Plan to defund Louisiana inspector office incurs watchdog groups’ howls

May 9, 2012
By Jeff Adelson
The Times-Picayune

Two public policy research groups this week condemned a move to eliminate the state investigator general’s office in advance of a Louisiana House vote on the state budget. The Public Affairs Research Council and the Bureau of Governmental Research blasted a measure by Rep. Joe Harrison, R-Houma, eliminating its financing from the state’s spending plan for next year. The investigator general is tasked with investigating fraud and abuse in state government, a duty worth more than the $1.7 million it takes to run the office, statements from the two groups argue.

“But there appears to be little merit to the argument that the inspector general’s office is a wasteful expense, except perhaps for those who are discomforted by forceful investigations,” according to PAR’s report.

Referring to the state’s overall budget, BGR referred to the cost as “a drop in a $25 billion budget.”

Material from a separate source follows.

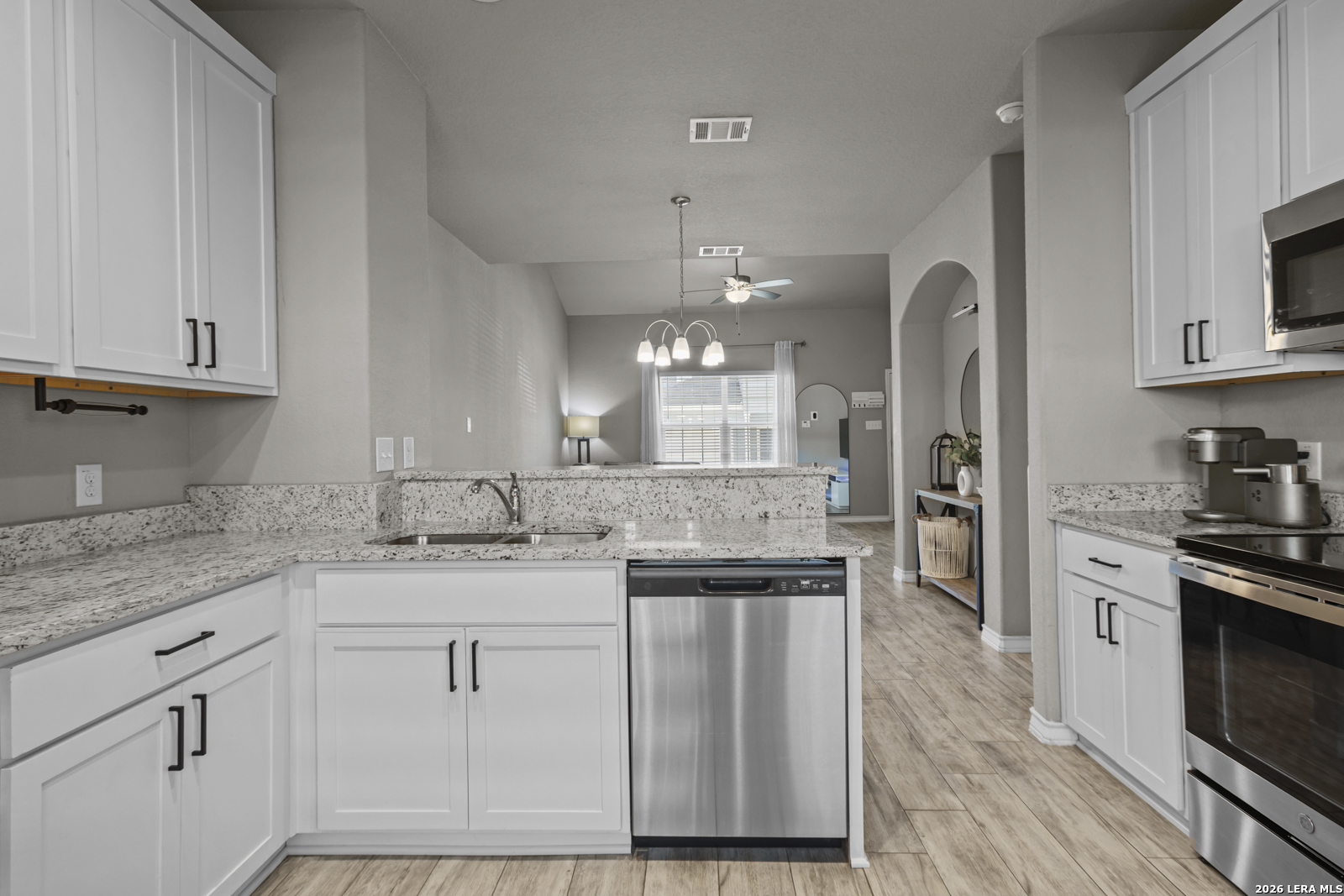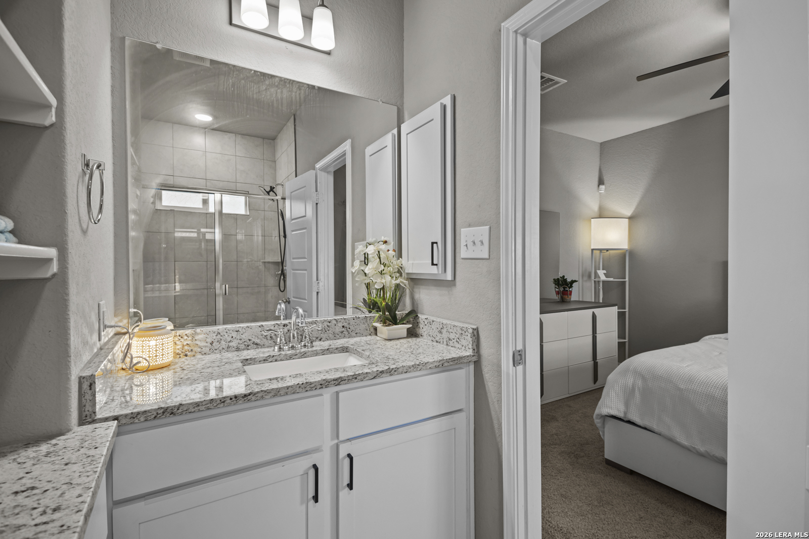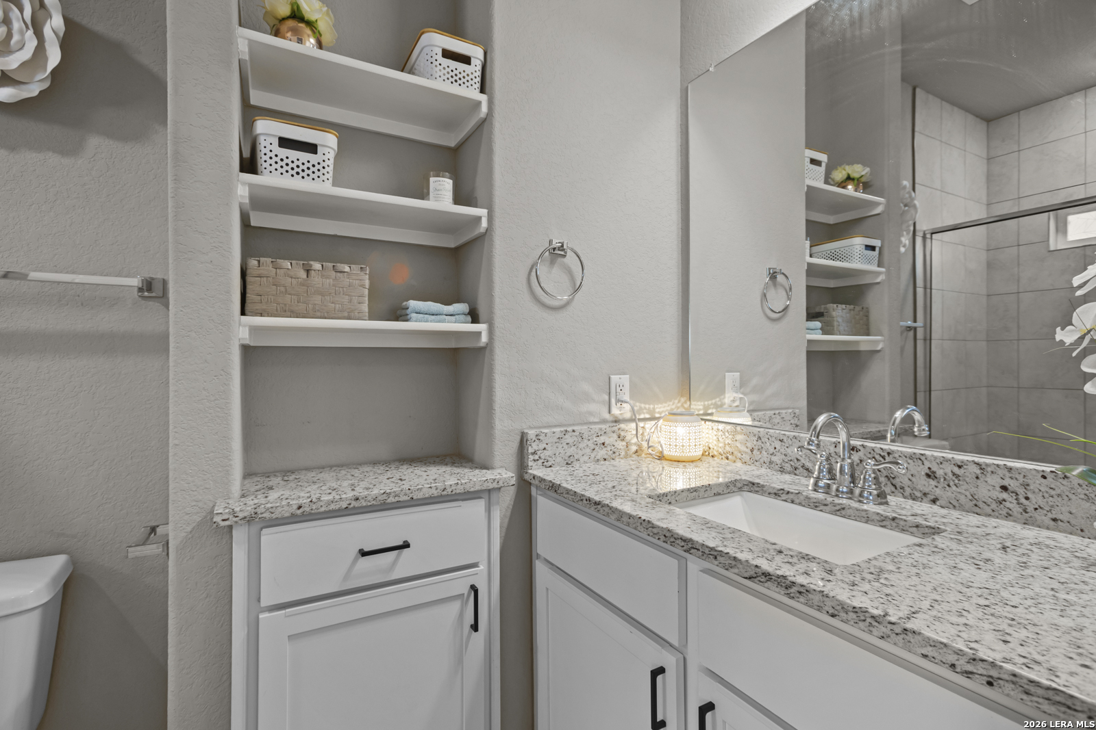 Welcome to this well-maintained 3-bedroom, 2-bath condominium located in The Cottages of Castle Hills, a desirable community in the heart of the Castle Hills area of San Antonio. Offering 1,444 square feet, this home features an open living room and kitchen layout that creates a comfortable space for everyday living and entertaining. The kitchen is equipped with granite countertops and stainless steel appliances, blending style and functionality. The spacious primary suite includes a full private bath, while the loft provides flexible space ideal for an office, game area, or additional living space. Step outside to enjoy a private patio area with a privacy fence, perfect for relaxing or hosting guests. Residents enjoy a prime location near North Star Mall, Park North Mall, Alon Town Centre, and Hardberger Park, offering convenient access to shopping, dining, hiking, and biking. Situated in a strong school district, this home combines comfort, convenience, and location.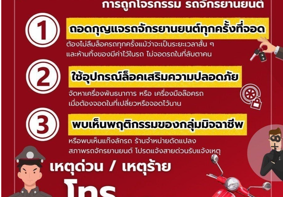 3.พบเห็นพฤติกรรมของกลุ่มมิจฉาชีพ หรือแก๊งลักรถ ร้านจำหน่าย ดัดแปลง สภาพรถจักรยานยนต์ โปรดแจ้งสายด่วนรับแจ้งเหตุ 191 ทันที

The inspector general’s office was created by former Gov. Buddy Roemer and given the power of a law enforcement agency in 2008. PAR noted a variety of successful investigations the office has undertaken, ranging from improper overtime given state employees to fraudulent disaster relief payments to illegal use of law enforcement databases.

Harrison’s amendment gained approval from the House Appropriations Committee on Thursday before the amended version of the state budget, contained in House Bill 1, was approved. The full House is expected to consider the measure Thursday.

The representative argued the measure would streamline state government and that other agencies, including the Legislative Auditor’s Office and Attorney General’s Office, could pick up the duties now performed by the inspector general.

Noting that the office uncovered about $3.2 million in fraud and waste last year, BGR said the amendment “cannot be justified in the name of efficiency.”

BGR’s report focused on the relatively low cost of the state office compared with localized watchdog efforts. The New Orleans inspector general received about $3.7 million this year, and the newly created Jefferson Parish’s office is expected to receive about $1.2 million when it starts operations. Each of those offices supervises governments whose yearly spending would account for only a few percentage points of the state budget, the report notes.

PAR also argued that elimination of the office would damage the state’s reputation.

“A sudden halt in funding of the inspector general would terminate ongoing investigations and send a message nationwide that Louisiana government is open for corrupt or wasteful business,” PAR said.